(1.) On 16-1-61, Srinivasachari, J. pronounced Judgment in S. A. No. 209 of 1957 dismissing the appeal with costs. In that judgment, the learned Judge stated in the end "No leave" which obviously means that he refused leave to the appellants-plaintiffs to file a Letters Patent Appeal against that decision. The two appellants filed S.R. No. 5072 of 1961 praying for review of that order of Srinivasachari, J. so far as that portion of the judgment "No leave" is concerned. The office raised an objection saying that no review lay against "No leave" in a judgment of the Court; thereupon, this matter was heard by me. 2. The questions that arise for consideration are:-- (1) Whether a review lies in law against an order of "No leave" by which leave was refused for filing a Letters Patent Appeal?

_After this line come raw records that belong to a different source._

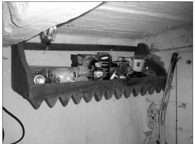
Іл. 6. Полиця, с. Вікняни Тлумацького р-ну Івано-Франківської обл.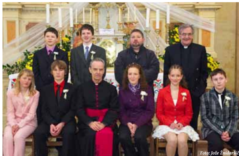
Birmanci pri Sv. trojici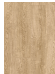
ROBLE BEIGE NATURAL ● L0365-04390 | BISEL ● L0364-04390 | SIN BISEL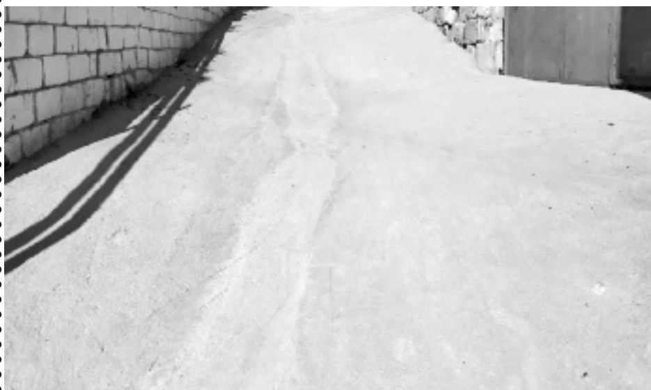
Суратлизиб: Ахъушала шилизисси сагабарисси къакъа.

ИшбархІи школала директорла хІянчи дегІлара жавабкартазибад ца саби викІаллира къяна бетхІерар: челис-че цІакъдикІули сари багъуди кайсахъниличи гІалабуни, дурхІнас биалли бахъалгъунтас бучІес дигули ахІен, белчІудиличи иштхІ адикъес бажарбикесли бузес гІягІнили саби учительти, учительталара декІар-декІарти масъулти камдирули хІедийни сабабли директорлис ил масъалаличилара гъар бархІи пикриикІес чевкъу-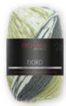
Farbe Nr. 86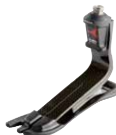
1C60 トリトン 1C63 トリトン LP 防水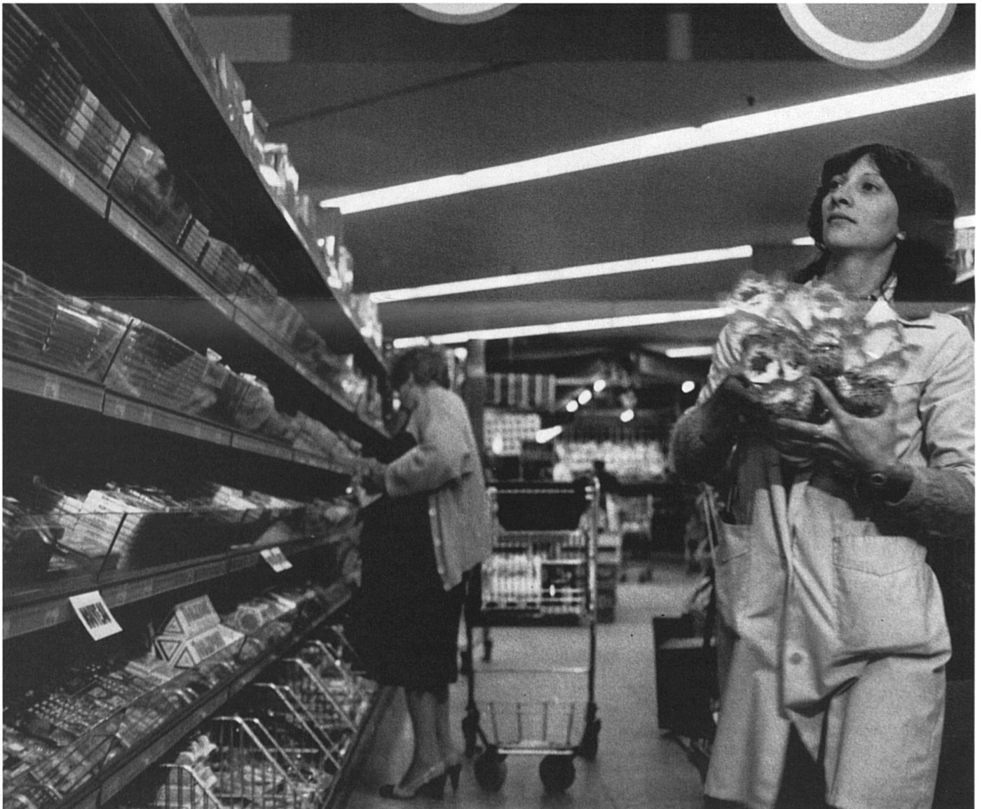
Vendeuse dans un supermarché : un budget précaire.

La mère de famille qui divorce est obligée de se remettre à travailler, ou d'augmenter son activité professionnelle. En effet, la pension alimentaire due par l'ex-mari pour l'entretien des enfants ne suffit bien évidemment pas à éviter une chute dramatique du niveau de vie 5 . Quant à la pension alimentaire pour la femme elle-même, qui ne peut de toute façon être octroyée, selon la législation actuelle, qu'en cas de non-culpabilité de cette dernière, la pratique des tribunaux est beaucoup trop restrictive, déplore Marianne Bovay, vice-présidente de l'Association genevoise des familles monoparentales. « Les juges disent aux femmes : Madame, vous avez une

(2.) If review lies, whether the order of "No leave" by Srinivasachari in S. A. No. 209 of 1957 dated 16-1-1961 has to be reviewed? POINT NO. I :- The contention of the learned Advocate for the petitioners is that the order which is sought to be reviewed namely, refusing of leave to file a Letters Patent Appeal is not part of the main judgment, that it is a separate order under the Letters Patent Act and that as such, a review lies. The relevant part of Clause 15 of the Letters Patent reads as follows: ".....and that notwithstanding anything herein before provided an appeal shall fie to the said High Court from a judgment of one Judge of the said High Court..... pursuant to Section 108 of the Government of India Act (made tin or after the 1st day of February, 1929) in the exercise of appellate jurisdiction in respect of a decree of order made in the exercise of appellate jurisdiction by court subject to the superintendence of the said High Court, where the Judge who passed the judgment declares that the case is a fit one for appeal." Rule 105 of the Appellate Side Rules of the Andhra Pradesh High Court runs as follows:-- "When an appeal against an appellate decree or order has been heard and disposed of by a single Judge, an application for leave to appeal under Clause 15 of the Letters Patent of the High Court shall be made orally and immediately after the judgment has been delivered." Rule 95 of the Appellate Side Rules of the Madras High Court was also substantially to the same effect.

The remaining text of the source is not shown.